Auth0, Keycloak, and Supabase Integrations

// ─── Auth0 with Next.js ───────────────────────────────────────────────────────
npm install @auth0/nextjs-auth0

// app/api/auth/[auth0]/route.ts
import { handleAuth } from '@auth0/nextjs-auth0';
export const GET = handleAuth();

// Protected server component
import { getSession } from '@auth0/nextjs-auth0';
const session = await getSession();
// session.accessToken is the OAuth2 access_token (for calling APIs)
// session.user comes from the id_token claims

// ─── Supabase Auth (Next.js App Router) ──────────────────────────────────────
npm install @supabase/ssr @supabase/supabase-js

import { createServerClient } from '@supabase/ssr';
import { cookies } from 'next/headers';

const supabase = createServerClient(URL, ANON_KEY, {
  cookies: { getAll: () => cookies().getAll() }
});

const { data: { user } } = await supabase.auth.getUser();
// Supabase auto-handles JWT issuance, verification, and refresh

// ─── Keycloak JWT verification ────────────────────────────────────────────────
import { createRemoteJWKSet, jwtVerify } from 'jose';

const JWKS = createRemoteJWKSet(
  new URL('https://keycloak.example.com/realms/myrealm/protocol/openid-connect/certs')
);

const { payload } = await jwtVerify(token, JWKS, {
  issuer: 'https://keycloak.example.com/realms/myrealm',
  audience: 'my-client-id',
});

Decode and inspect your JWTs instantly — paste any token into our online JWT decoder to view the header, payload, claims, expiry, and algorithm without any external tools.

Key Takeaways

  • JWT = header.payload.signature: base64url-encoded, not encrypted — never put sensitive data in claims.
  • Always set exp: tokens without expiry are valid forever — a critical security risk.
  • Always specify algorithms: pass { algorithms: ['HS256'] } to jwt.verify() to prevent alg:none and algorithm confusion attacks.
  • Use RS256 for microservices: distribute the public key freely; keep the private key only on the auth server.

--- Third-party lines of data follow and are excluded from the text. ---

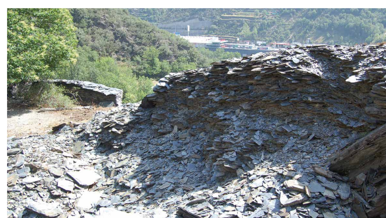
Lloser de Tolse, Sant Julià de Lòria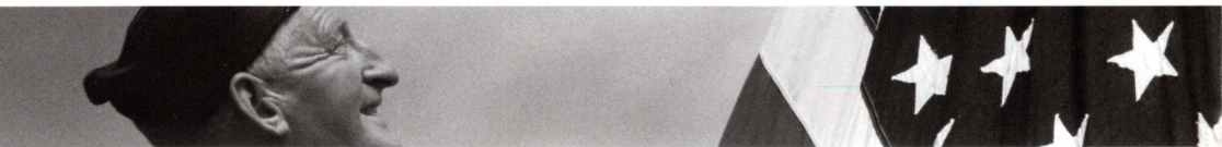
Spuren des Weltgeschehens im Dorf, 21. März 2011, 19.30 Uhr (Bildvortrag)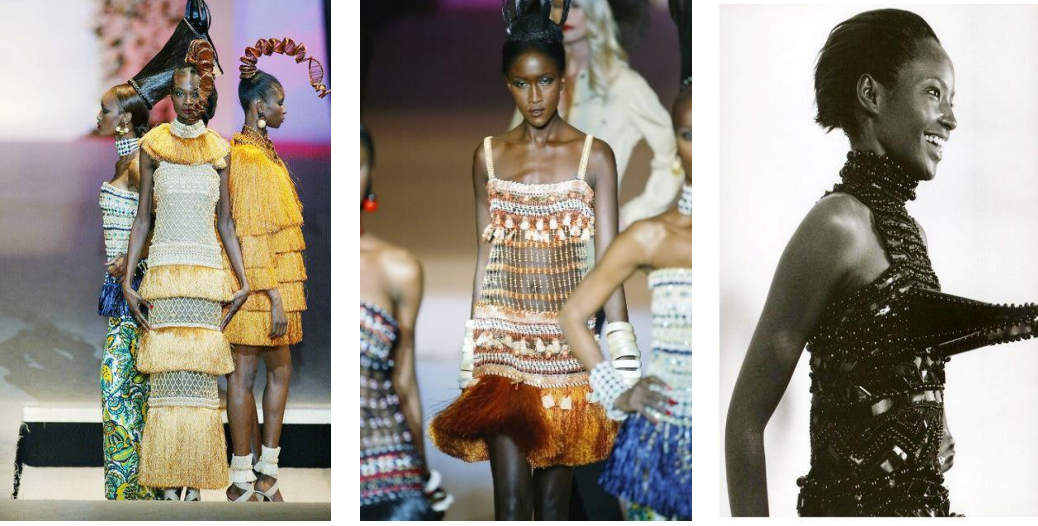
Görsel 3. Yves Saint Laurent, 1967, Bambara ( https://museeyslparis.com/en/biography/collection-africaine-pe )

yenilenmesi ile dikkat çeken koleksiyonun ismi Mali'de aynı adı taşıyan topluluk tarafından üretilen "Bambara" heykellerinden esinlenilmiştir. Kadınları betimleyen bu heykeller, uzun gövdeler ve sivri göğüslerle karakterize olmuşlardır (Gibson, 2013) (Görsel 3). Altın ve bronz renklerin sıklıkla kullanıldığı tasarımlarda Afrika kültüründe manevi anlamda saflığın ve zenginliğin sembolü olan renklere, Yves Saint Laurent tarafından baskın bir şekilde yer verilmesi, o kültüre bir atıf olarak düşünülmüştür.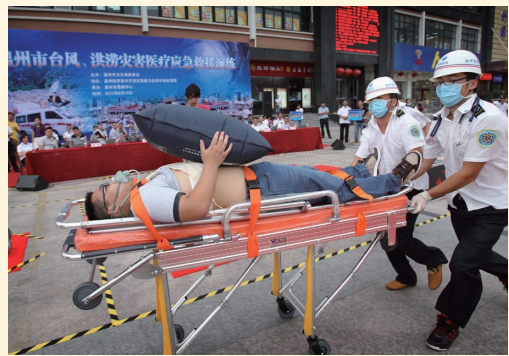
8月10日，市应急办牵头开展台风、洪涝灾害医疗应急救援演练。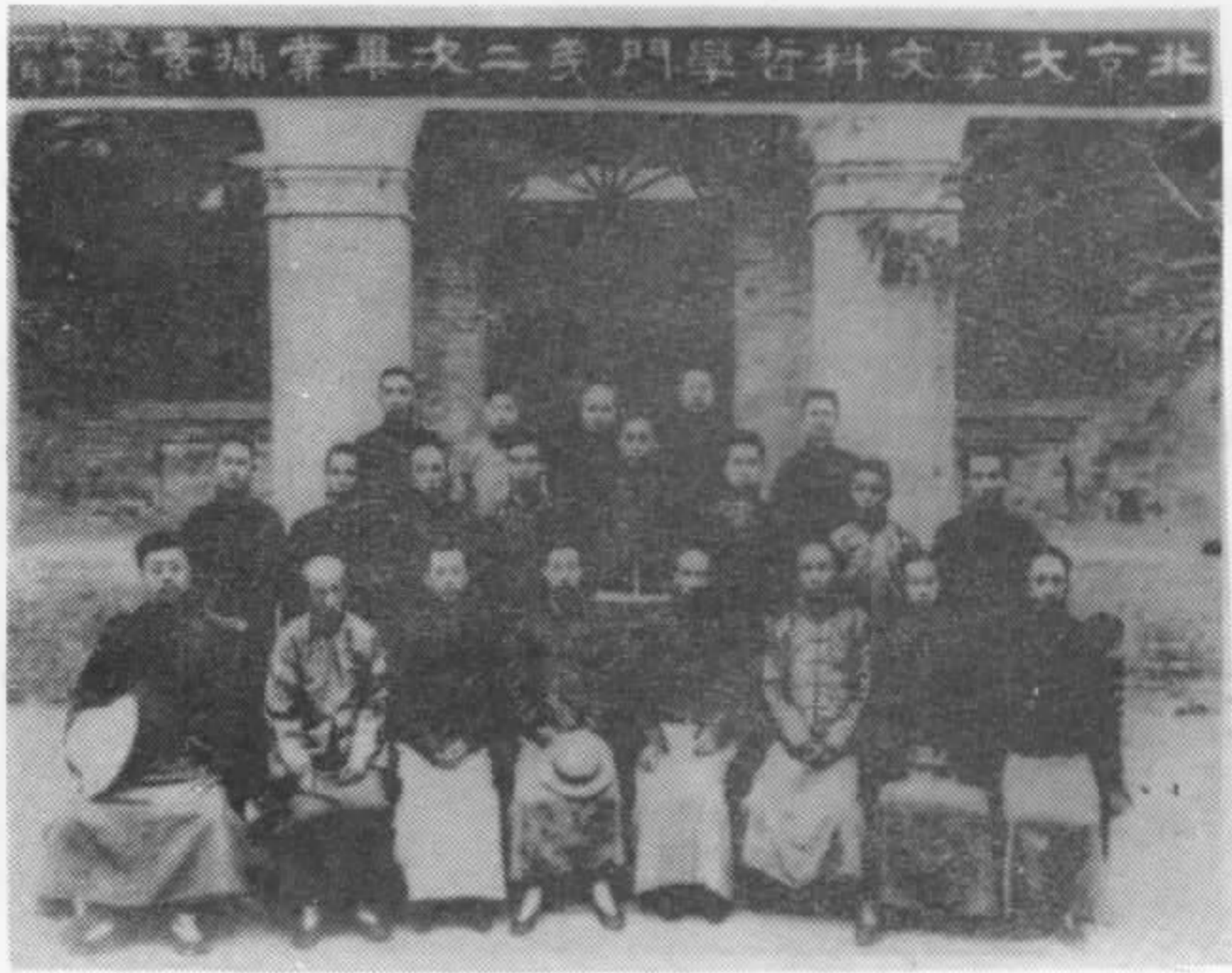
1918年北大哲学系师生合影 前排右二为著者，右三为陈独秀，右四 为蔡元培，中排右五为冯友兰。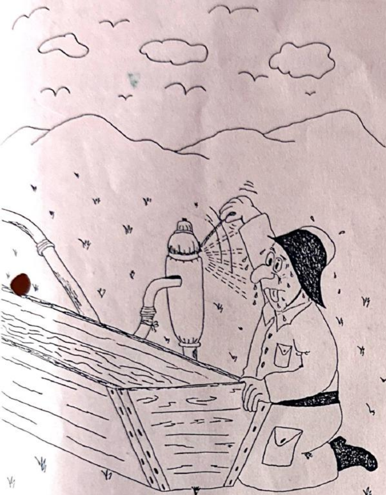
Wasser Marsch - Pump etwas schneller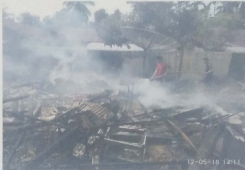
DOKUMENTASI KEBAKARAN RUMAH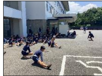
出発前の体操・水遊びをしてから海へ向かいました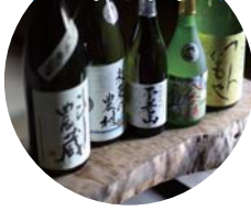
焼酎飲み比べ 5本セット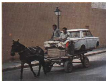
Zeitmaschine: Altes und Neues existiert in Marrakesch nebeneinander, oft in skurriler Weise Seite 52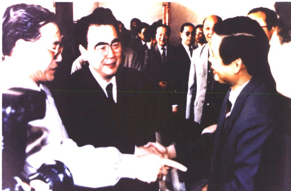
1991年10月29日，时任中央政治局常委、国务院总理李鹏接见青岛卷烟厂厂长蒲强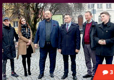
Kolejny kandydat na burmistrza Śremu przedstawia swoje propozycje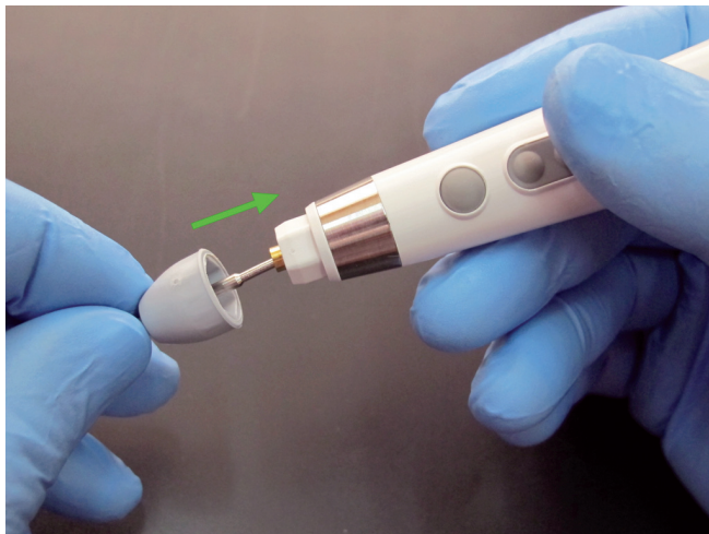
Рис. 4. Фиксация активного электрода на беспроводном блоке управления.

его в обратном направлении, удерживая за фиксирующий колпачок, повернуть в нужном направлении и снова зафиксировать на блоке управления.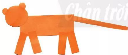
2. Dán các hình để tạo chú hổ.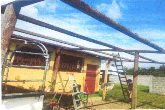
FOTO 1. SUSTITUCION DE LAMINAS POR LAMINA TROQUELADA CALIBRE 26.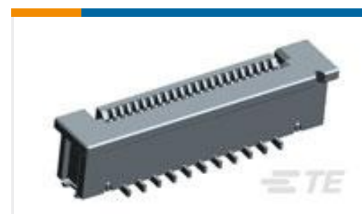
TE 产品编号 1734742-8 .5 FPC VT ZIF Type-A 8 CONT

Expose keys via a JWKS endpoint.
  • Short-lived access tokens + refresh tokens: 15-minute access tokens with 7-day rotating refresh tokens stored in HttpOnly cookies.
  • Never store JWTs in localStorage: XSS attacks can steal them. Use HttpOnly cookies or in-memory storage.
  • Redis for revocation: track refresh token JTIs in Redis with TTL for instant logout and reuse detection.
  • Use PKCE for SPAs: the authorization code + PKCE flow is the secure standard for browser-based OAuth2 clients.
  • id_token vs access_token: id_token authenticates the user to your app; access_token authorizes calls to APIs.
  • Managed providers (Auth0, Supabase, Keycloak) handle key rotation, JWKS, and token refresh automatically — prefer them for production.